START Information provided

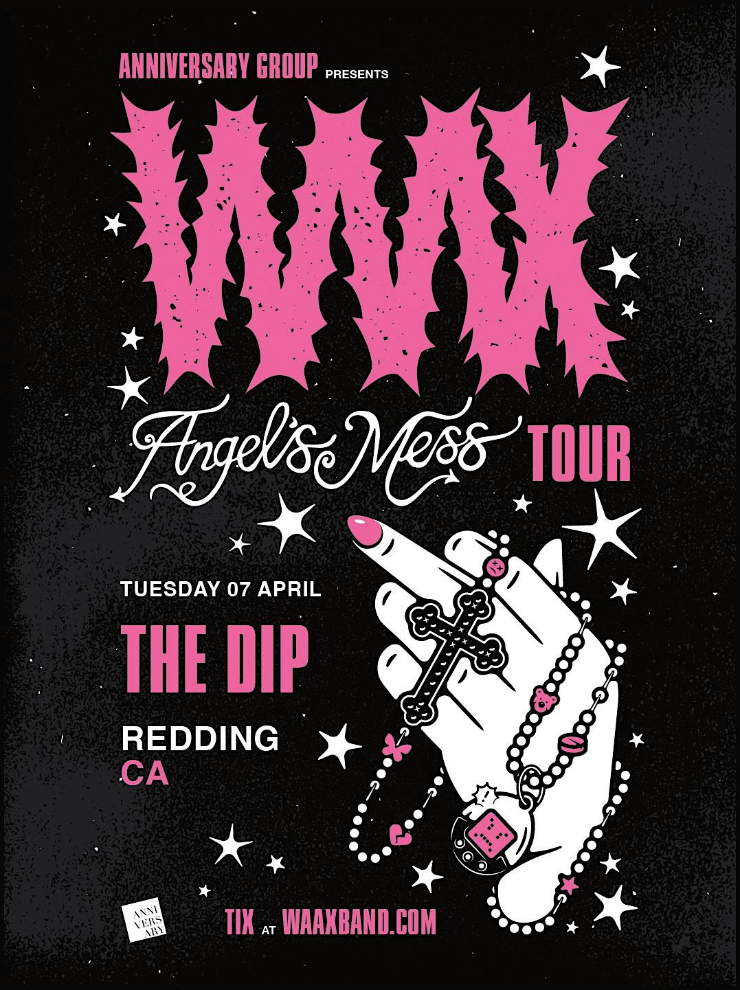by admin24Feb WAAX at The Dip – Redding, CA WAAX at The Dip – Redding, CA 2 2 people viewed this event. 8PM | $10 ADV | $15 DAY OF | 21+ Tickets-RSVP Link Date And Time Tuesday, April 7th, 2026 08:00 PM (PST) Venue The Dip Location 1730 California Street, Redding, CA 96001 Event Types Concert or PerformanceMusic Event Category California Share With Friends Facebook Twitter Linkedin Xing Pinterest Share This Post:
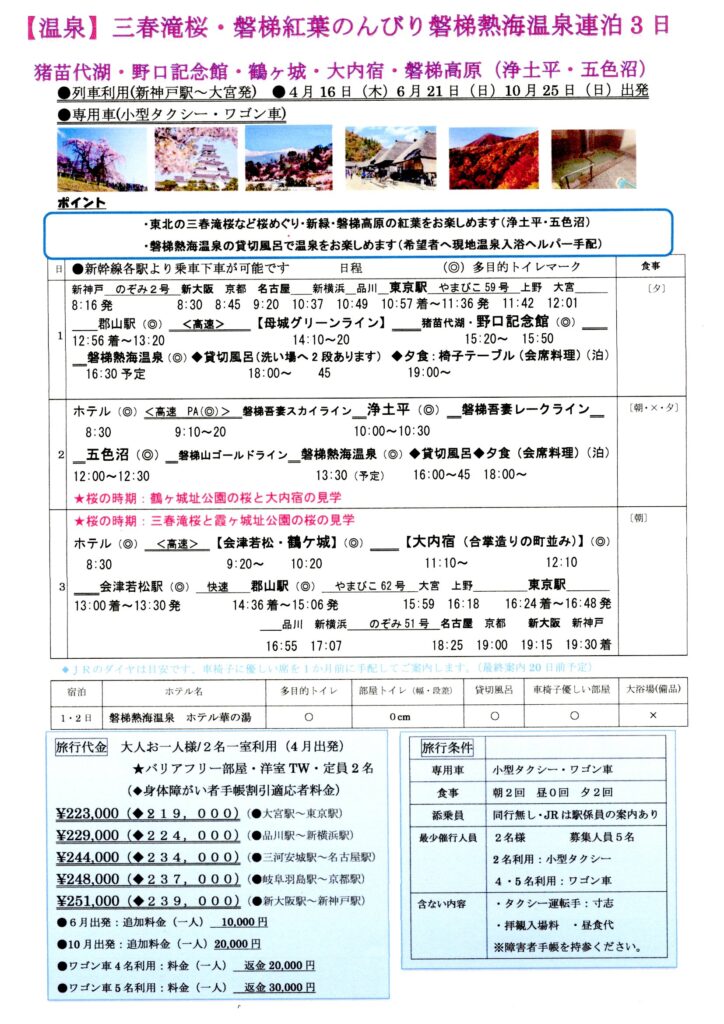 車椅子旅行|磐梯高原・磐梯熱海温泉連泊3日(三春滝桜・新緑・紅葉)。添乗員の同行はありませんが、新幹線最寄り駅からJR駅係員が改札、乗車、乗り換え、到着駅改札まで案内するため安心です。現地はタクシーを利用し快適に楽しめます。日本三大桜の名所・三春滝桜や磐梯吾妻スカイライン(浄土平・五色沼)の新緑や紅葉、鶴ヶ城・大内宿の宿場町・猪苗代湖を楽しみ、磐梯熱海温泉を貸切風呂で楽しんでいただけるツアーです。
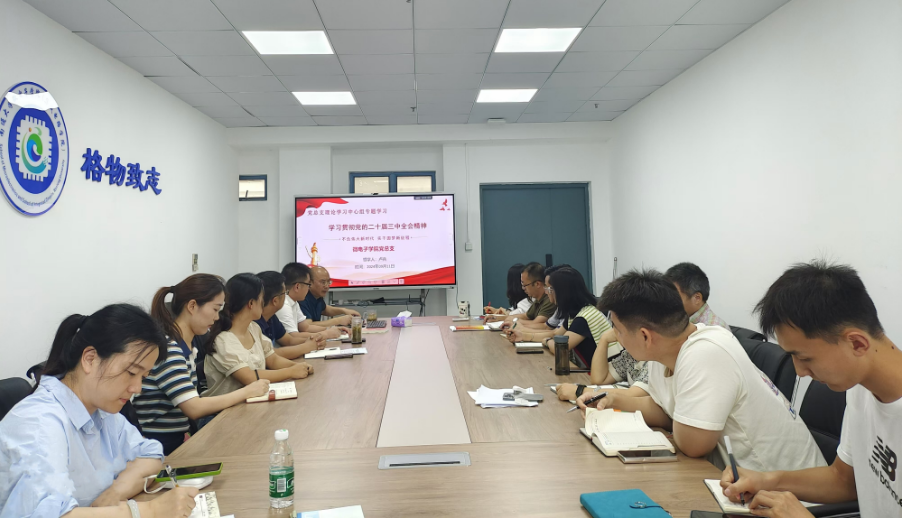 9月11日下午,18禁直播 党总支召开理论学习中心组(扩大)会议,专题学习贯彻党的二十届三中全会精神。会议由学院党总支书记卢兵主持,学院全体院领导,各支部书记、支部委员参加会议。
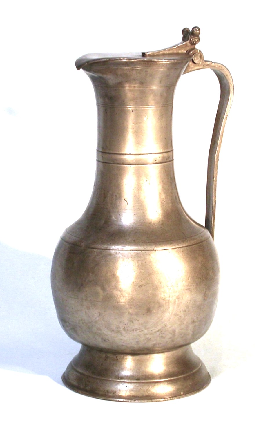 AIGUIÈRE balustre en étain, à piédouche mouluré et orné d’une frise de godrons, gorge courte en quart de rond et anse en C à ressaut et crosse drapée. Elle est gravée d’un vase fleuri. Poinçon de Jean-Baptiste ARMAIN reçu maître à Lausanne avant 1750 : couronne / trois étoiles / I.A.B.

END Information provided

To do. No pictures belong in the copy. Retype exactly, and only, the lines from the line containing "車椅子旅行|磐梯高原・磐梯熱" through the last line of the data, both included.

Result for this exercise.
 車椅子旅行|磐梯高原・磐梯熱海温泉連泊3日(三春滝桜・新緑・紅葉)。添乗員の同行はありませんが、新幹線最寄り駅からJR駅係員が改札、乗車、乗り換え、到着駅改札まで案内するため安心です。現地はタクシーを利用し快適に楽しめます。日本三大桜の名所・三春滝桜や磐梯吾妻スカイライン(浄土平・五色沼)の新緑や紅葉、鶴ヶ城・大内宿の宿場町・猪苗代湖を楽しみ、磐梯熱海温泉を貸切風呂で楽しんでいただけるツアーです。
 9月11日下午,18禁直播 党总支召开理论学习中心组(扩大)会议,专题学习贯彻党的二十届三中全会精神。会议由学院党总支书记卢兵主持,学院全体院领导,各支部书记、支部委员参加会议。
 AIGUIÈRE balustre en étain, à piédouche mouluré et orné d’une frise de godrons, gorge courte en quart de rond et anse en C à ressaut et crosse drapée. Elle est gravée d’un vase fleuri. Poinçon de Jean-Baptiste ARMAIN reçu maître à Lausanne avant 1750 : couronne / trois étoiles / I.A.B.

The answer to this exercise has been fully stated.